___ Records shown ___

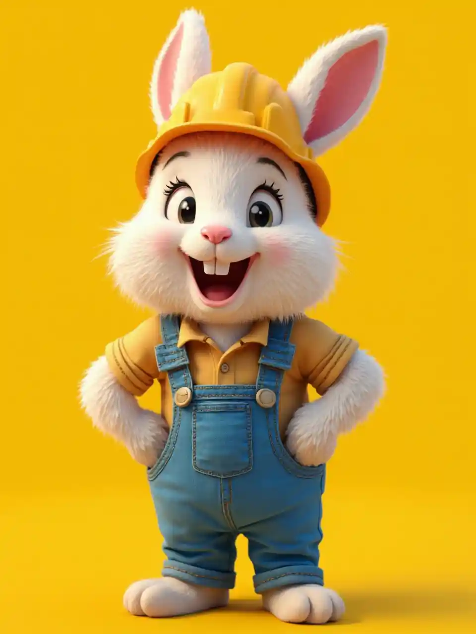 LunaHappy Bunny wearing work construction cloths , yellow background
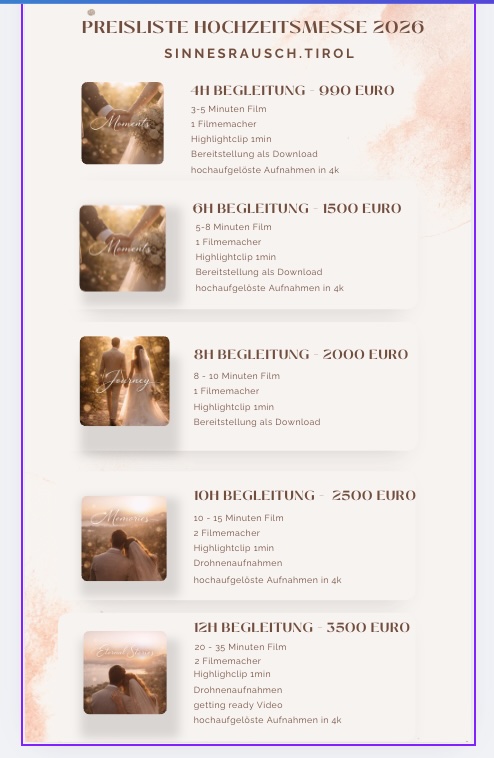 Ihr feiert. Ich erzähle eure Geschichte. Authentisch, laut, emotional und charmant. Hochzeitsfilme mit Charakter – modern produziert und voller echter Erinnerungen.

___
___ Records shown ___

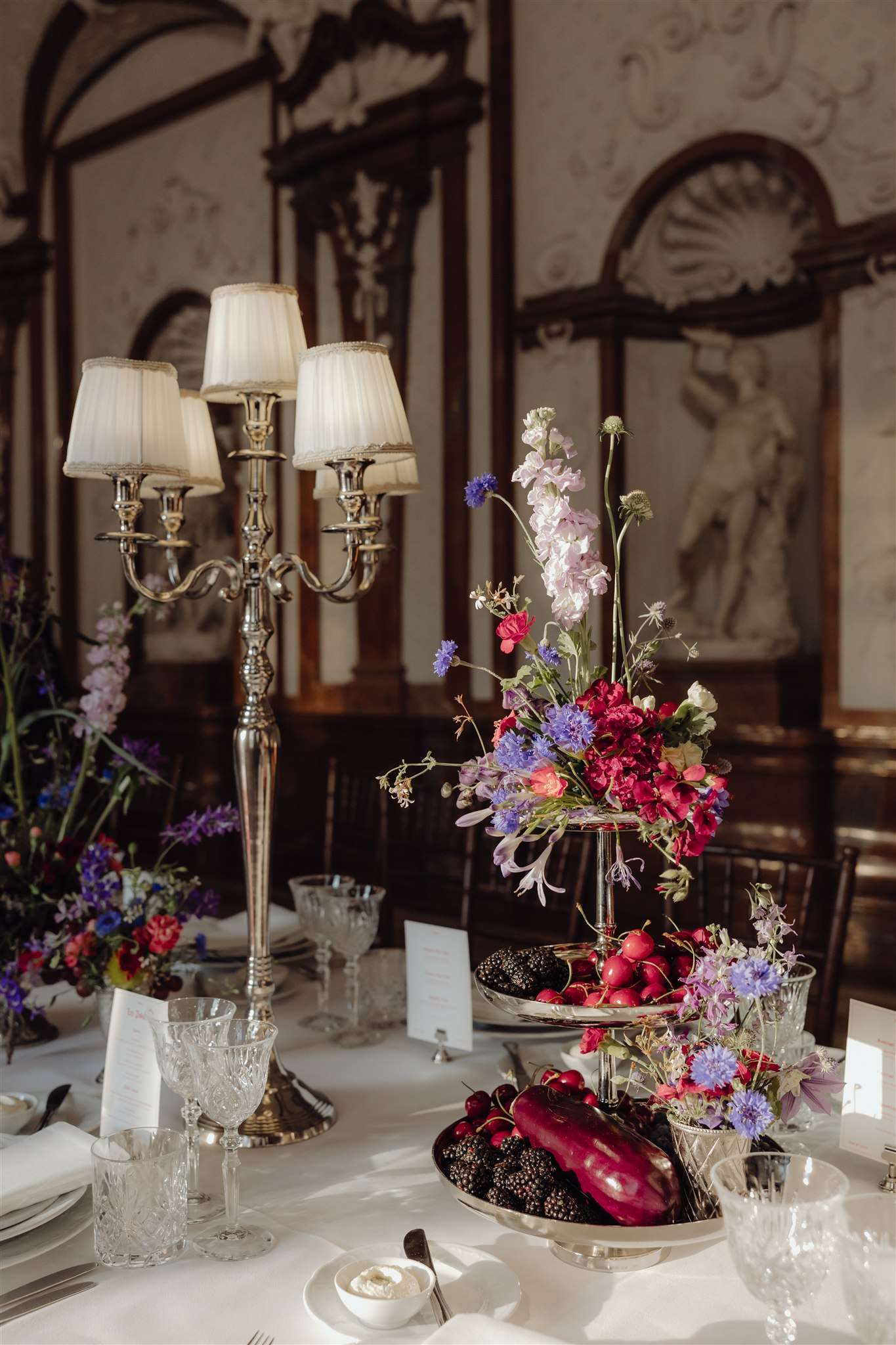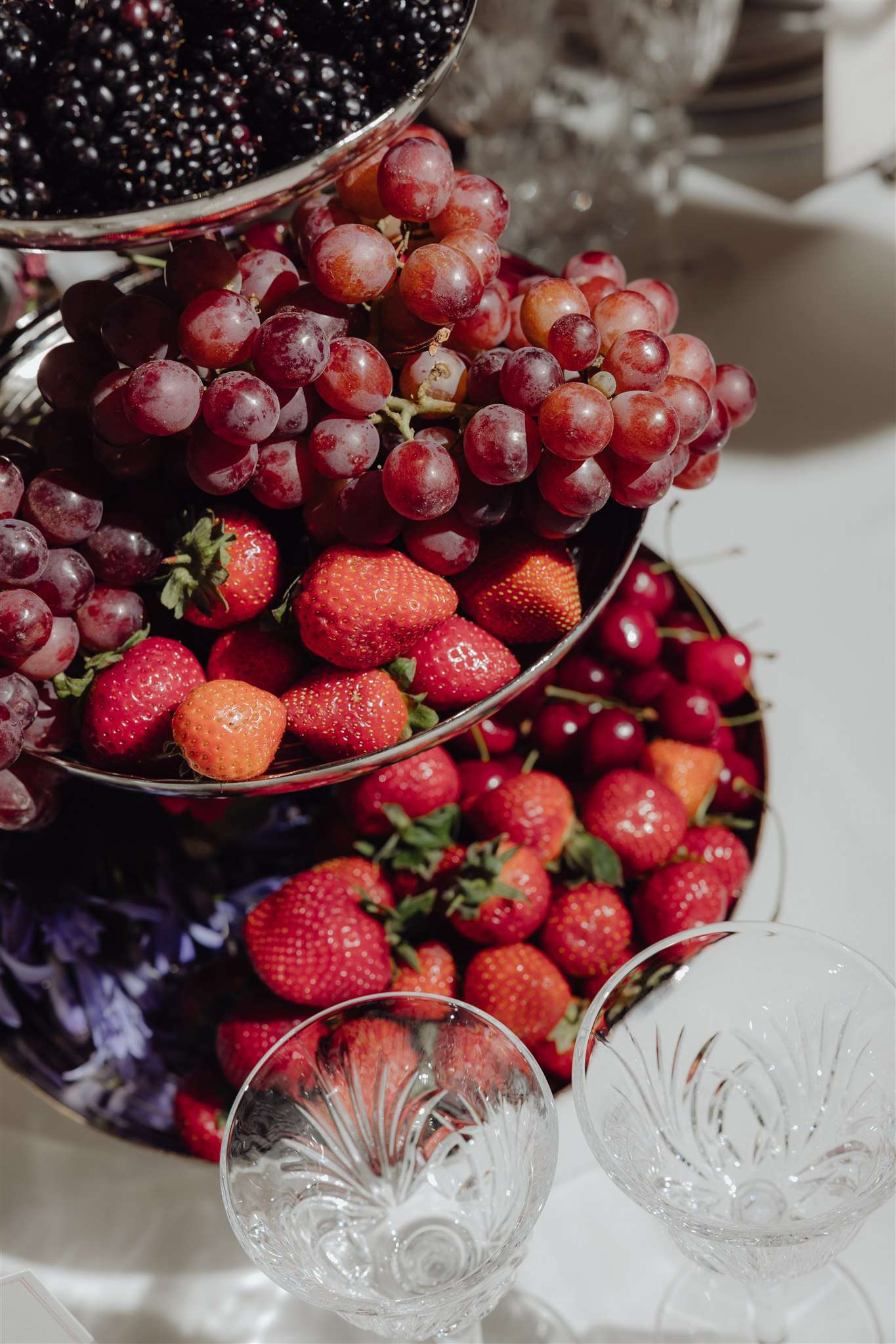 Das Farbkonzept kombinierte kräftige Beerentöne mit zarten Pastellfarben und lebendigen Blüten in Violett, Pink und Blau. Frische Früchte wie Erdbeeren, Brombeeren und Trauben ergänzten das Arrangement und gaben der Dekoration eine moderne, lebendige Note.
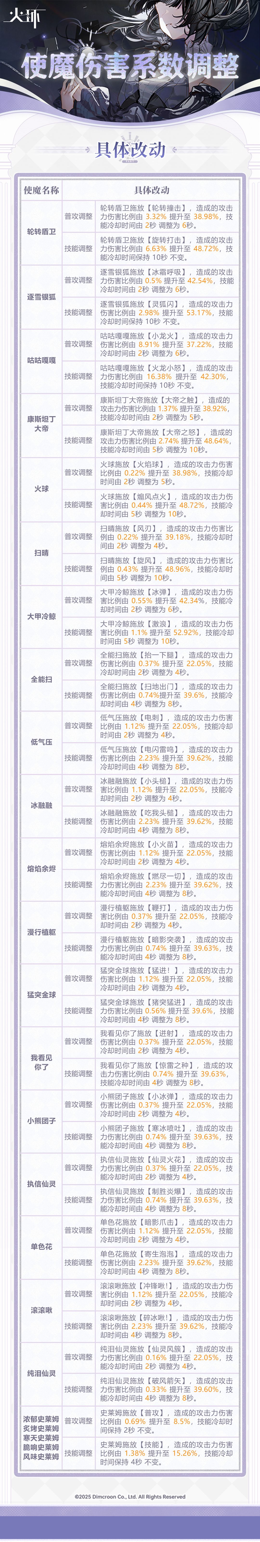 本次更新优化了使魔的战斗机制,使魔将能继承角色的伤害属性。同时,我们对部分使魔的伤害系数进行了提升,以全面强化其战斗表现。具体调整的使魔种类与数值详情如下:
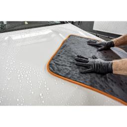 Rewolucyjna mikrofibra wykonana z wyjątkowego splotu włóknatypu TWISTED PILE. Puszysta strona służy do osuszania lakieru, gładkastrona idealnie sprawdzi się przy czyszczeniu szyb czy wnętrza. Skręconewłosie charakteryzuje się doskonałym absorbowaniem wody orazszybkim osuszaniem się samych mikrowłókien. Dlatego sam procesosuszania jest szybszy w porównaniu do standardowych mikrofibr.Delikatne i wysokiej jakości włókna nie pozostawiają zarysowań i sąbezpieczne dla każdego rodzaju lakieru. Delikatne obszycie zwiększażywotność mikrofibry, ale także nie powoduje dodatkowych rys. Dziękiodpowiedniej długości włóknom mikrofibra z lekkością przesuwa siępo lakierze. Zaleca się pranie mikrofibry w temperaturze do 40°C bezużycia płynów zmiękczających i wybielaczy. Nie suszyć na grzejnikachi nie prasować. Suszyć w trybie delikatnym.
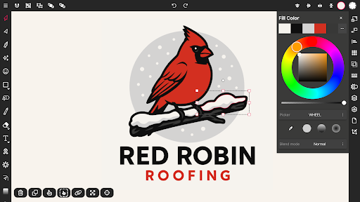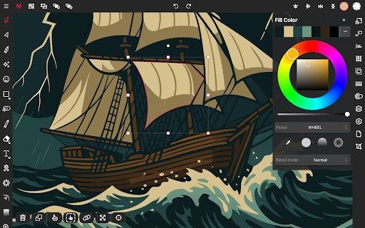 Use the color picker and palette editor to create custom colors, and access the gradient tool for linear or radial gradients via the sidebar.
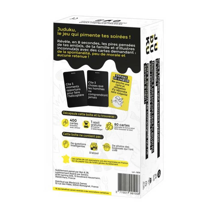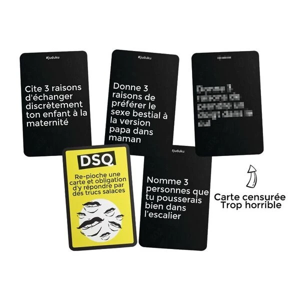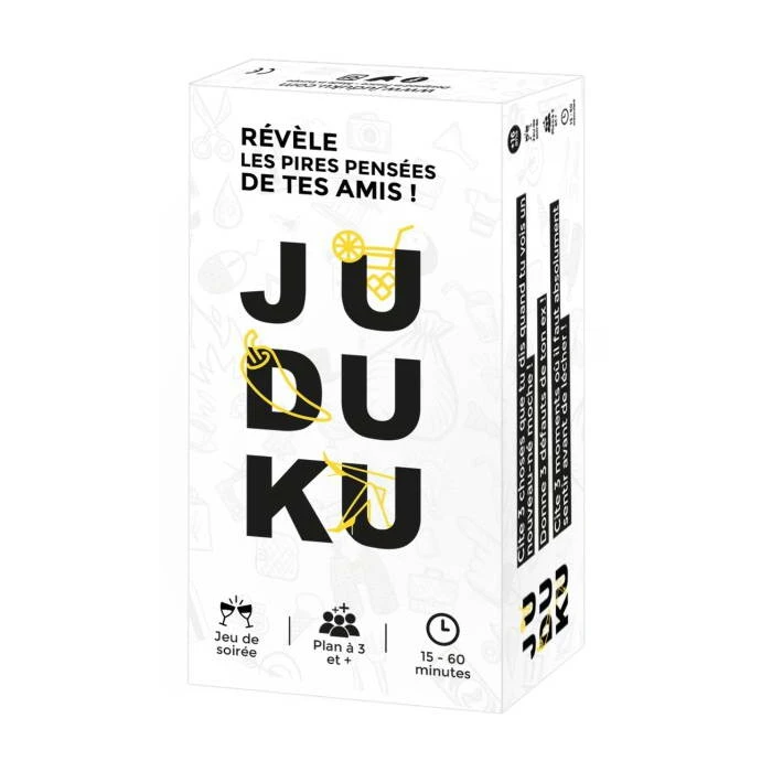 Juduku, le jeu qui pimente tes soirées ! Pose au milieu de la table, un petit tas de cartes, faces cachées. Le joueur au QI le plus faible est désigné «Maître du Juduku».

___

### Task:
Using the data above, set down each line from the line with "Use the color" to the line with "Juduku, le jeu" exactly, both ends included, and leave the pictures behind. Nothing else belongs.

### Output for this task:
 Use the color picker and palette editor to create custom colors, and access the gradient tool for linear or radial gradients via the sidebar.
 Juduku, le jeu qui pimente tes soirées ! Pose au milieu de la table, un petit tas de cartes, faces cachées. Le joueur au QI le plus faible est désigné «Maître du Juduku».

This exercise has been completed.